Mr. Speaker, I would like to ask the hon. Minister of National Defence if he is at all troubled by the fact that the Libyan rebel commander has admitted previous ties to al-Qaeda. He has actually spoken favourably of al-Qaeda members as being “good Muslims fighting against invaders”. Is the minister concerned about what looms as a genocide of black immigrant workers within Libya?

LibyaGovernment Orders

11:30 a.m.

Conservative

Peter MacKay Conservative Central Nova, NS

Mr. Speaker, of course I am concerned about any and all of those indications of linkages outside the country to extremism and to continued stubborn efforts that are being made by those loyal to Gadhafi to continue the violence. In fact, just this weekend inside Libya, Gadhafi's daughter was broadcasting the following message, “Remain reassured, your great leader is doing well. He carries weapons and is fighting on the fronts”. This is a clear indication there is still the capacity to do harm, the capacity to bring violence to the people of Libya in many parts of the country.

It reinforces and underscores the need for Canada to continue to play a leadership role, both on the military and diplomatic fronts, and to continue to try to root out all forms of violence, of intolerance, of assaults against human rights. This is why Canada is such an admired country in the world today.

LibyaGovernment Orders

11:35 a.m.

NDP

Jack Harris NDP St. John's East, NL

Mr. Speaker, this is an important debate for many reasons. It is the third debate on Canada's mission in Libya. We passed a resolution in this House on March 17, and a further one on June 14 extending that mission for three months. We now are faced with the government seeking to continue the military mission for a further three months.

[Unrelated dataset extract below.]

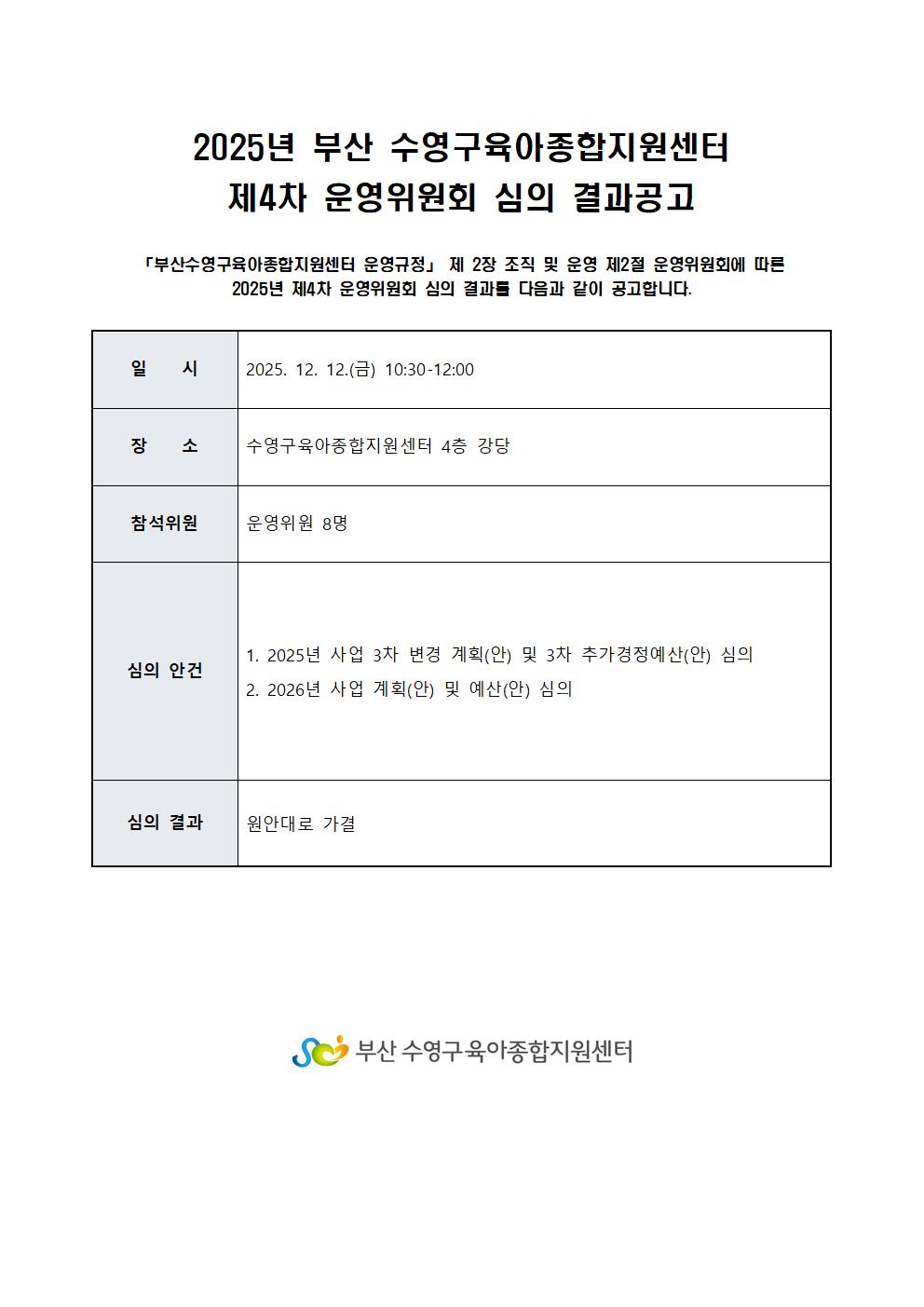 [°ø°í] 2025³â Á¦4Â÷ ¼ö¿µ±¸À°¾ÆÁ¾ÇÕÁö¿ø¼¾ÅÍ ¿î¿µÀ§¿øÈ¸ ½ÉÀÇ °á°ú ¾È³»

The reason this debate is so important is that it is really about the future of Canada's role internationally, to what extent it will see itself as a military power primarily, or whether it will continue the well-respected role it was known for in providing a very different type of image and action on the world stage.

This is a brand-new approach to international action. The military intervention in Libya through resolution 1973 is in response to a very new doctrine, and some call it an emerging doctrine, of the responsibility to protect. It is a situation in which the normal rules of state sovereignty, alive since the 18th century, have been overridden by humanitarian goals, the obligation of other states to ensure that civilians are protected where a state is incapable, unwilling, or in this case, is a perpetrator of actions against its own civilians.

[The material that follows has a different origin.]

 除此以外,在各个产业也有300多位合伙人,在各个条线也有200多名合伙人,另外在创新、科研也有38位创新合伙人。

In doing so, it is extremely important that the international community get this right. As a party, we approached this very gingerly from the beginning. We supported resolution 1973, and still have no regrets about our support for Canada's involvement as of March 17 in engaging in support of resolution 1973.

It has not been without controversy. There have been criticisms along the way about the actions of NATO from time to time, but more so about the comments that have been made also from time to time by world leaders and by members of this House, including the Minister of National Defence and the Prime Minister, about what can only be called regime change as a goal of Canada's involvement in Libya.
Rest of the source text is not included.